CRISPR-Cas mutation of POL30 and SSD1

The 5′-phosphorylated oligonucleotide sequences that served as guide sequence were ordered from IDT and are listed in Supplementary Table 3. To create annealed guide sequence-containing primers, 100 µM of each primer was added to a PCR tube, were incubated in a thermocycler for 5 min at 95 °C, and subsequently cooled to 16 °C, at the slowest ramp rate of the thermocycler. Next, annealed guide sequence-containing primers were ligated into calf intestinal phosphatase-treated, BsmBI-digested parent vector pV1382. This was transformed into chemically competent E. coli cells. Plasmids were extracted and verified by Sanger sequencing and restriction digest. Repair templates were generated with 60-bp oligonucleotide primers (IDT) containing 20 bp overlaps at their 3′-ends centered at the mutation point. Primers were extended by thermocycling performed with Ex Taq (TAKARA) and double-stranded products were purified directly from this PCR reaction using Qiaquick Gel Extraction Kit (Cat# 28706) following the manufacturer’s instructions. Transformations were performed with 0.3–5 µg of plasmid DNA and with 1–5 µg of repair template (where applicable). Transformation was done using the standard lithium acetate protocol, and suspensions were plated on selective media. Presence of the mutation was verified by Sanger sequencing.

Fluctuation assay

Fluctuation assays to determine mutation rates were performed as follows: precultures were grown overnight at 30 °C in Synthetic Complete (SC)-Arg.

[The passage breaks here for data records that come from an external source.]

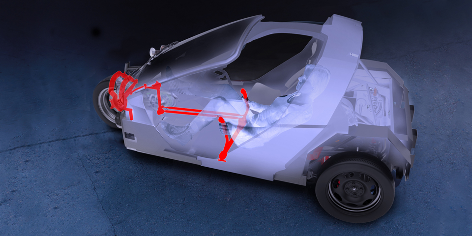 Ein Tritt in die Pedalen, die auf der Fahrerseite serienmäßig vorhanden sind und für die Beifahrerseite optional bestellt werden können, trägt nicht nur zur eigenen Fitness bei. Die durch reine Muskelkraft erzeugte Energie lädt auch noch den Akku. Apropos: Mit Akku soll das Elektro-Dreirad 500 Kilogramm auf die Waage bringen (ohne Akku: 380 kg). Als Zuladung sind dann noch einmal 250 Kilo extra erlaubt. In das Gepäckfach im Heck passen 300 Liter und es soll sogar Platz für ein paar Ski geben. Ein Lenkrad gibt es im TWIKE 5 nicht. Hier wird mit Hilfe der neuen „Sidesticks“ links und rechts vom Fahrer gelenkt.
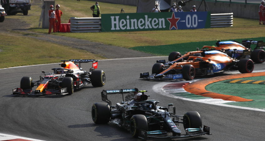 Dat de sprint voor een dergelijk interessant scenario voor de zondag zorgde, is te danken aan de McLarens. Hun werden al meteen duidelijk bij het verwijderen van de bandenwarmers. Zowel Lando Norris als Daniel Ricciardo startten beiden op de snellere softs tegen mediums voor Bottas, Hamilton en Verstappen.
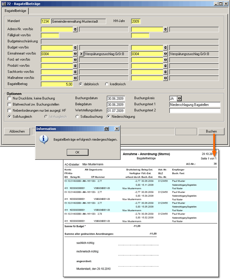| Sollausbuchung | Für die ermittelten Bagatellbeträge werden über den Button „Buchen“ einzelne Storno-Anordnungen erstellt. Diese Anordnungen sind in der Anordnungsverwaltung zu bestätigen und im Buchungsstapel freizugeben.Die offenen Posten werden storniert und werden nicht mehr im Programm angezeigt. |
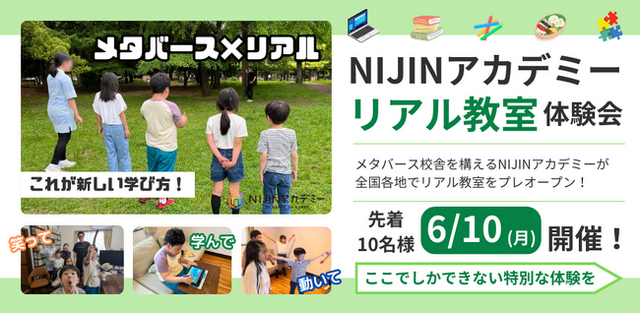 日本中の学校をハッピーにする株式会社NIJIN(本社:東京都江東区、代表取締役:星野達郎)が運営する小中学生向けオルタナティブスクール「NIJINアカデミー」は、6/10(月)リアル教室を2都市同時開催します。

Cells were subsequently brought to a starting density of 5000 cells/mL in SC glucose medium containing either 0 or 6% ethanol. Cultures (200 µl) of these cells were grown at 30 °C in synthetic complete medium containing 2% glucose and the indicated ethanol concentration in 96-well plates for 48 h. To prevent ethanol evaporation, outer wells only contained medium and 96-well plates were sealed with an adhesive seal and plastic lid, and plates were wrapped in parafilm. For each genotype, at least 60 replicates were grown. Fifty-four cultures were then plated on canavanine plates (containing 60 mg/L l-canavanine sulfate (Sigma-Aldrich)) for mutant selection and incubated at 30 °C for 3 days, after which colonies were counted. Six cultures were diluted and plated on YPD to determine total cell counts. Fluctuation assays using URA3 as a mutation reporter were performed similarly, except that cultures were plated on FOA (Sigma-Aldrich) containing plates for mutant selection and incubated at 30 °C for 2 days, after which colonies were counted.

Colony counts on selective and non-selective plates were used to estimate mutation rates using the rSalvador R package (v1.7)79. Likelihood ratio methods, as implemented in rSalvador, were used to calculate 95% confidence intervals, as well as to assess the statistical significance of differences between mutation rate estimates.

canR mutant frequency after short ethanol exposure

Precultures were grown as for standard fluctuation assay. Cell count of precultures was determined using BioRad CellCounter and 105 cells per culture were used to set up the experiment. Cells were incubated for 2 h in the presence of 0 or 6% ethanol and then plated on canavanine plates. Resistant colonies were counted after 3 days incubation at 30 °C and canR mutant frequency was obtained by dividing the number of resistant colonies by the total number of cells per culture plated.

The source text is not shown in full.